Rep. Kanjorski: I’m particularly interested in the commercial real estate problem. Could you give us your assessment of that problem and if there’s any action we in the Congress should take.
Chairman Bernanke: Congressman, it remains probably the biggest credit issue that we still have. Yesterday, Chairman Baird talked about the increase in the number of problem banks. A great number of those banks are in trouble because of their commercial real estate positions. The Fed has done a couple of things here. We have issued guidance on commercial real estate, which gives a number of ways of helping, for example instructing banks to try to restructure troubled commercial real estate loans, and making the point that commercial real estate loans should not be marked down because the collateral value has declined. It depends on the income from the property, not the collateral value. We’ve also, as you know, had this TALF program which has been trying to restart the CMBS – commercial mortgage-backed securities – market with limited success in quantities. But we have brought down the spreads and the financing situation is a bit better. So we are seeing a few rays of light in this area, but it does remain a very difficult category of credit, particularly for the small and medium sized banks in our country. [Our emphasis added.]
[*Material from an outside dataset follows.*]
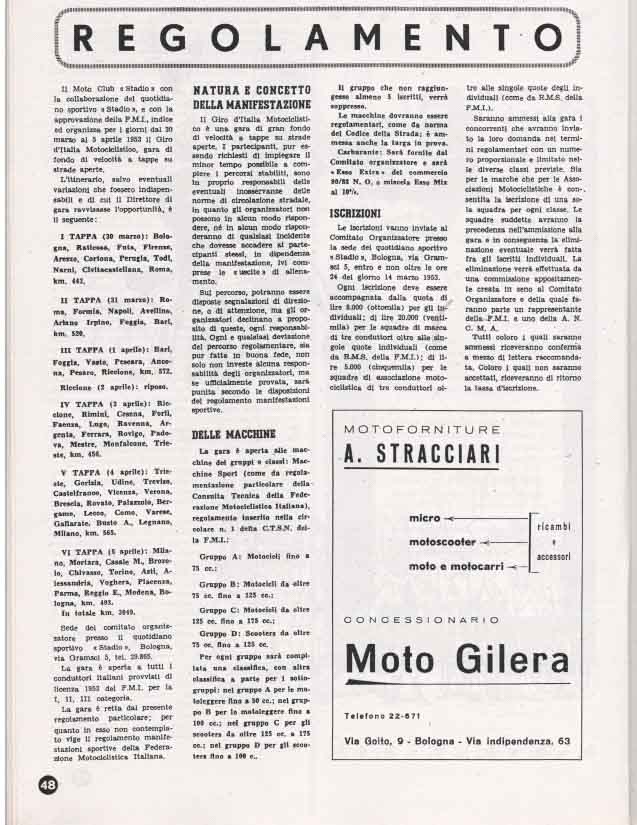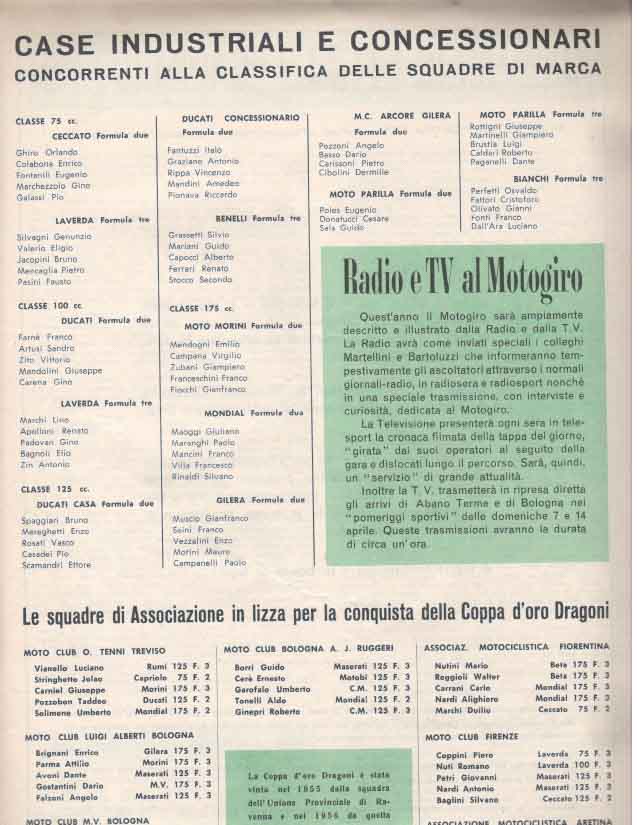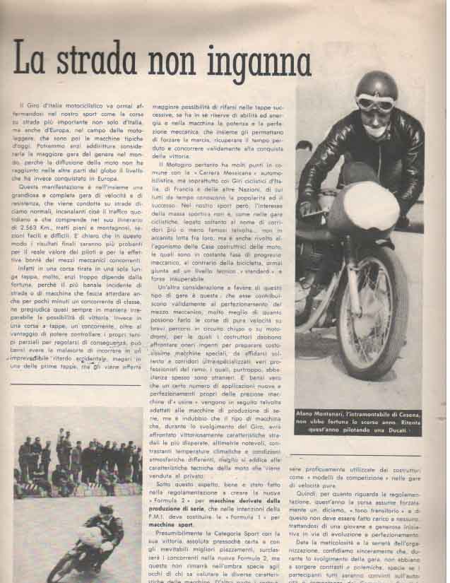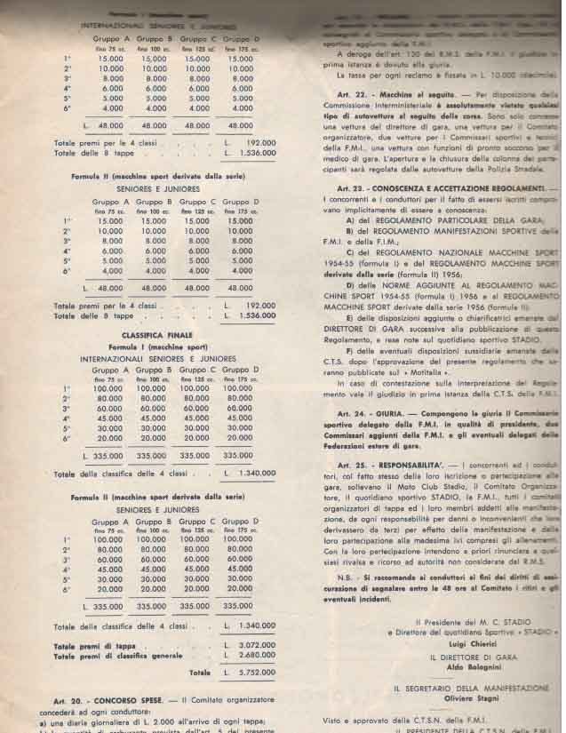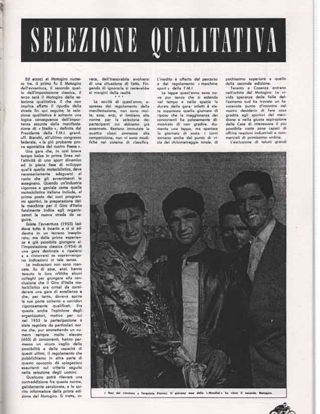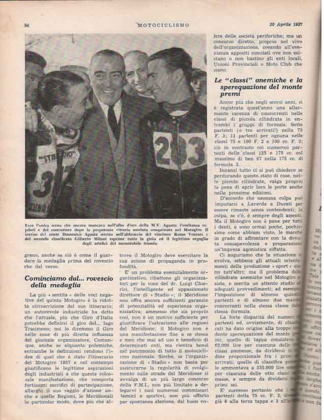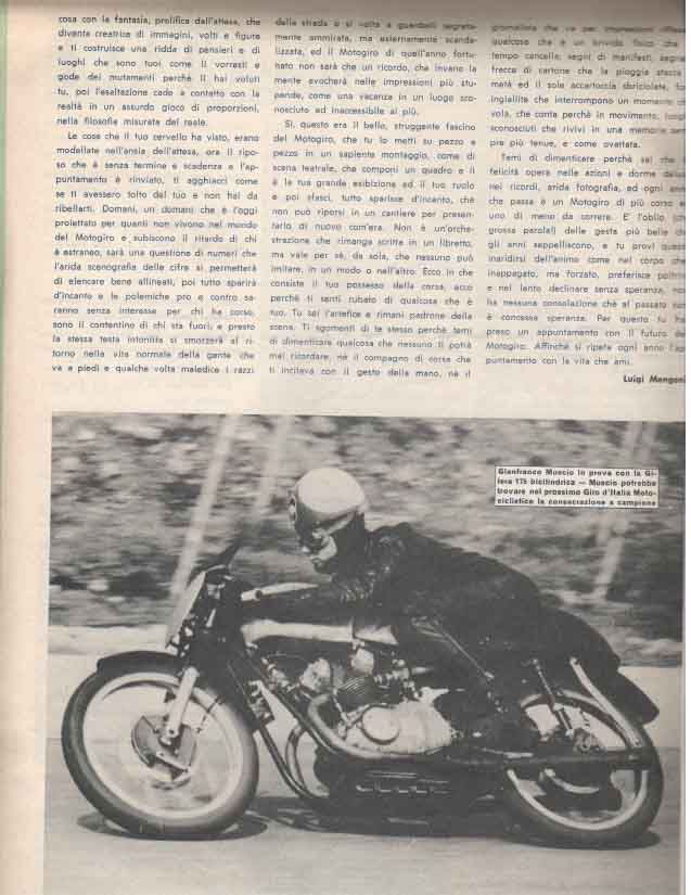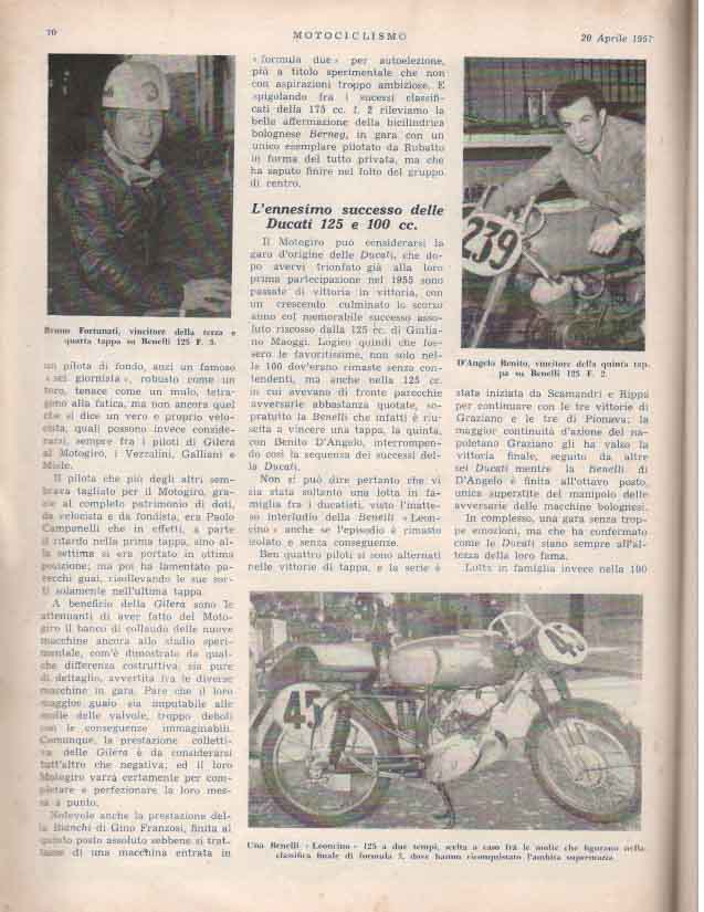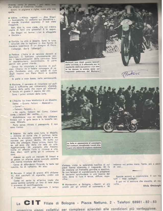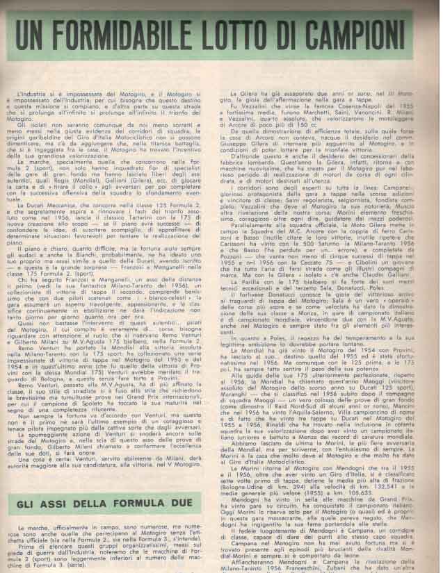Il Motogiro venne corso dal 1953 al 1957, anno in cui le corse su strade cittadine vennero proibite a causa dell’ incidente di De Portago alla Mille Miglia.

While Mr. Bernanke did not directly link accounting rules with his attempt to “restart” the CMBS market, it is clear that if mark-to-market accounting remains alive, this market will not be resurrected easily. No matter how much money the Federal Reserve throws at the market for securitized assets, the private sector will remain skittish if there is the potential for an accounting rule to wreck the market again.
This is very important for the Fed’s exit strategy and for the growth of the loan market in the years ahead. Without securitization, bank lending will continue to drag and the Fed will be worried about its withdrawal of support for the system. The US needs a viable securitization marketplace and mark-to-market accounting remains a stumbling block.
Mark-to-market accounting needs to die. It should be stabbed in the heart with a cedar stake, shot through the temple with a silver bullet and then buried under six feet of garlic powder. Like the evil killer in a horror flick, we need to make sure it never gets up off the floor ever again. While we do not agree with everything Ben Bernanke is doing these days, his comments, which finger the impact of accounting rules and conventions on the economy, are right on the money.
Hopefully, the SEC, Treasury, the FDIC, Congress, and FASB were listening.